I think the appeal here definitely is that you can have one approach for all. Why the hassle of understanding all those different approaches, which come from so many different backgrounds, when you can understand just one method and you are good to go. Also, neural networks have a nice modular structure, you can pick and put together different kinds of layers and architectures to adapt them to all kinds of problems.
Then Google published that ingenious deep dream paper where they let a learned network generate some data, and we humans with our immediate readiness to read structure and attribute intelligence picked up quickly on this.
I personally think they were surprised by how viral this went, but then decided the time is finally right to go all in on AI. So now Google is an “AI first” company and AI is gonna save the world, yes.
Many academics I have talked to are unhappy about the dominance of deep learning right now, because it is an approach which works well, maybe even too well, but doesn’t bring us much closer to really understand how the human mind works.

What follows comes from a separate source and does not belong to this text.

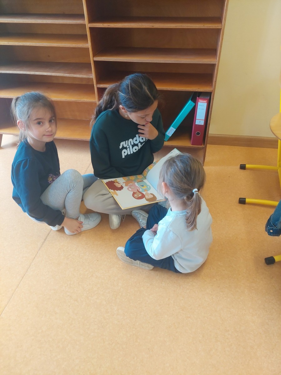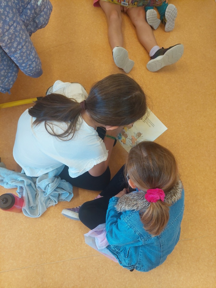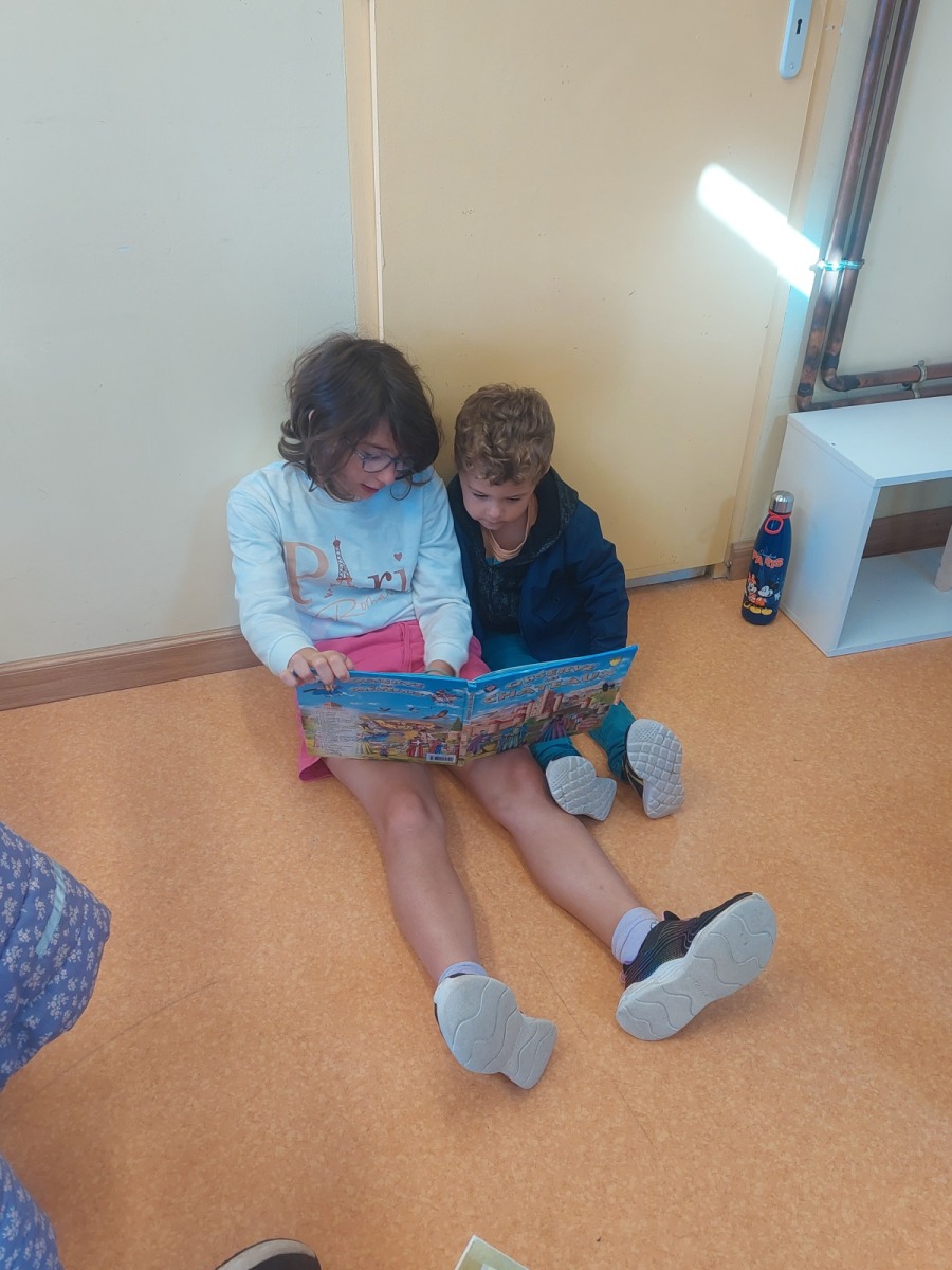 - temps calme lecture : les grands ont lu des histoires aux plus petits.

I also think the fundamental problem remains unsolved. How do we understand the world? How do we create new concepts? Deep learning stays an imitation on a behavioral level and while that may be enough for some, it isn’t for me.
Also, I think it is dangerous to attribute too much intelligence to these systems. In raw numbers, they might work well enough, but when they fail they do so in ways that clearly show they operate in an entirely different fashion.
While Google translate lets you skim the content of website in a foreign language, it is still abundantly clear that the system has no idea what it is doing.
Sometimes I feel like nobody cares, also because nobody gets hurt, right? But maybe it is still my German cultural background that would rather prefer we see things as they are, and take it from there.